Since early 2009, the Obama Administration has introduced a number of programs in response to the housing crisis that resulted in over 4 million foreclosures. The programs receiving the most press have been the Home Affordable Modification, introduced in February 2009 and HAMP and later, the Home Affordable Refinance Program (HARP).
When originally announced in early 2009, officials stated that HAMP would help 3 to 4 million financially-troubled homeowners by modifying their home mortgages and helping them to avoid default.
To qualify for these programs, a borrower must have a mortgages insured or owned by one the government-sponsored enterprises (GSEs) -- Fannie Mae or Freddie Mac. Recently, the Federal Housing Finance Agency (FHFA), the federal agency that functions as the conservator for the GSEs, released its quarterly Foreclosure Prevention Report.
The document examines the agency’s foreclosure prevention actions.
HAMP Helping More Homeowners
FHFA data shows 129,000 homeowners received foreclosure prevention assistance during the second quarter of 2012. HAMP has helped 2 million borrowers avoid foreclosure since September 2008.
The FHFA foreclosure report also reveals the following information:
- Nearly 1.2 million homeowners received mortgage modifications.
- More than 50% of homeowners who received mortgage modifications during Q2 2012 had their mortgage payments reduced by 30 percent or more.
- Principal forbearance made up about 29 percent of modifications completed during Q2.
The performance of modified mortgages also improved. The rate of homeowners who received mortgage modifications in Q3, and subsequently fell behind one or two mortgage payments within nine months or more after modification, registered less than 15 percent.
HARP Measurements Show Improvement
HARP has the mission of helping homeowners with underwater mortgages. These homeowners outstanding mortgage balances that exceed the market value of their residences. The HARP mortgage program allows qualified borrowers to pay off high-interest rate mortgages and refinance into low-interest home loans.
The initial HARP mortgage program had a number in built-in obstacles, which hindered the program’s success. The major impediment concerned the 125 percent loan-to-value ratio limit pl. Considering that the average home value declined 34 percent across the nation (Case-Shiller Home Price Index), the 125% LTV cap prevented many homeowners from qualifying for a mortgage refinance.
After a few minor tweaks to HARP along the way, the FHFA finally eliminated the 125 percent LTV requirement in October 2011. In addition, it got rid of some other conditions and eliminated or reduced refinancing fees. The FHFA also extended the deadline for the program by a year to December 31, 2013.
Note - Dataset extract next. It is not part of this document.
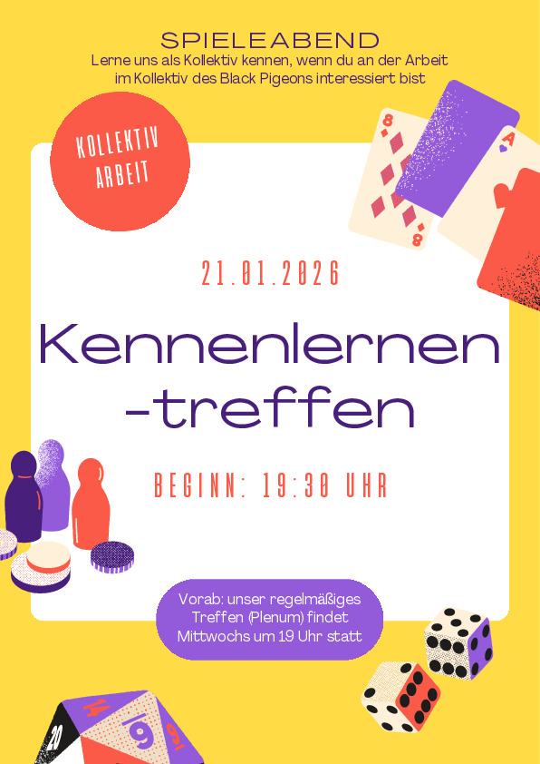 Am 21. Januar ab 19:30 Uhr freuen wir uns über Menschen, die am Kollektiv interessiert sind und mit uns ins Gespräch kommen möchten.
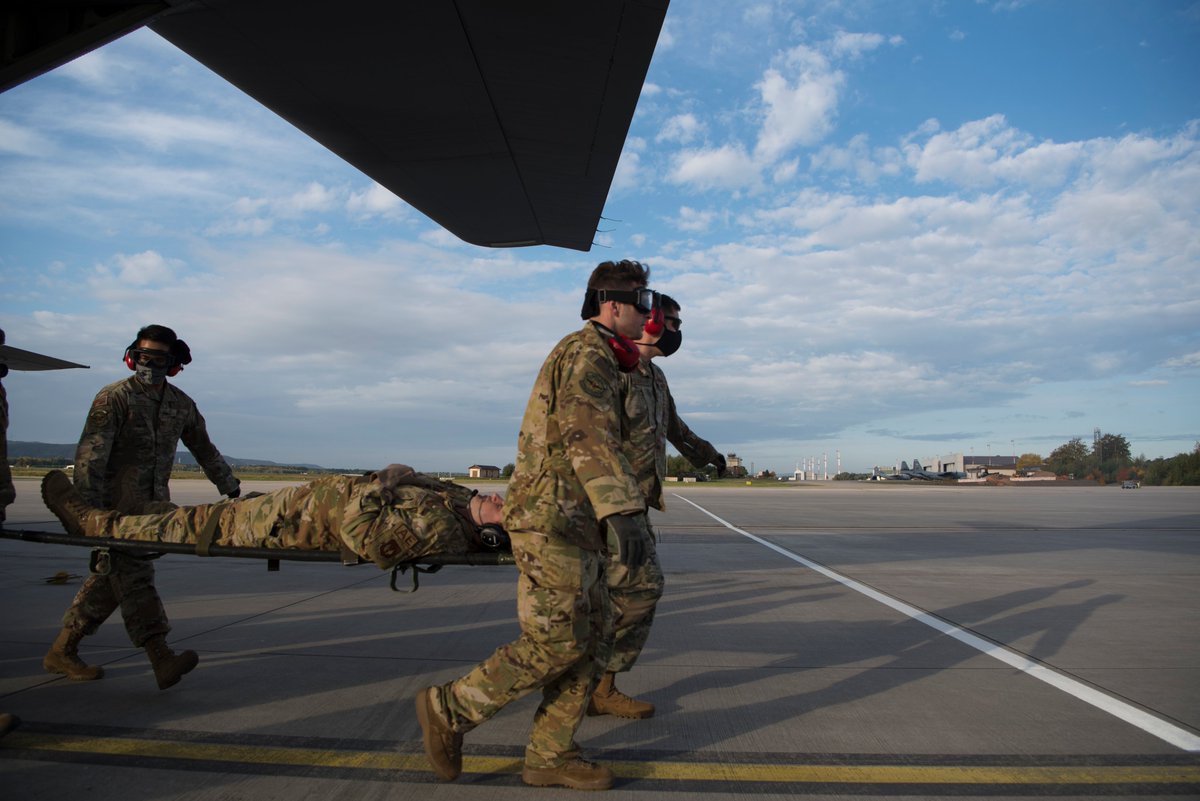 @usairforce Aeromedical Evacuation personnel transport and resuscitate a simulated injured individual during 2021 Aviation Det. Rotation near Powidz, Poland.@US_TRANSCOM is the@DeptofDefense's single manager for Global Patient Movement.#TogetherWeDeliver@USAFHealth@DoD_DHApic.twitter.com/yxDJuUiYo0

The latest data show that revisions to HARP and record-low interest rates have increased the number of mortgage refinancing under the program. The nation’s largest mortgage servicer Lenders Processing Services (LPS) says the number of loan prepayments in August reached a seven-year high. Furthermore, homeowners with underwater mortgages prepaid their loans at a higher rate, which coincides with the overall increase in mortgage refinancing.
LPS figures demonstrate that the number of homeowners with loan-to-value ratio of 120 percent or more experienced a 65 percent increase in mortgage prepayments. In January 2012, 11.66 percent of these homeowners prepaid their home loans compared to 19.27 percent in August.
Volume of Mortgage Refinancing Up
The Mortgage Bankers’ Association weekly mortgage survey for the week ending September 28 supports the FHFA contention of an increase in mortgage refinancing applications. The volume of completed mortgage refinances reached a three-year high.
The number of homeowners receiving initial notices of foreclosures and foreclosure sales transactions fell during Q2. In addition, the inventory of bank-owned properties declined for the seventh straight month. Banks are selling REO properties at a faster pace than they are receiving through the foreclosure process.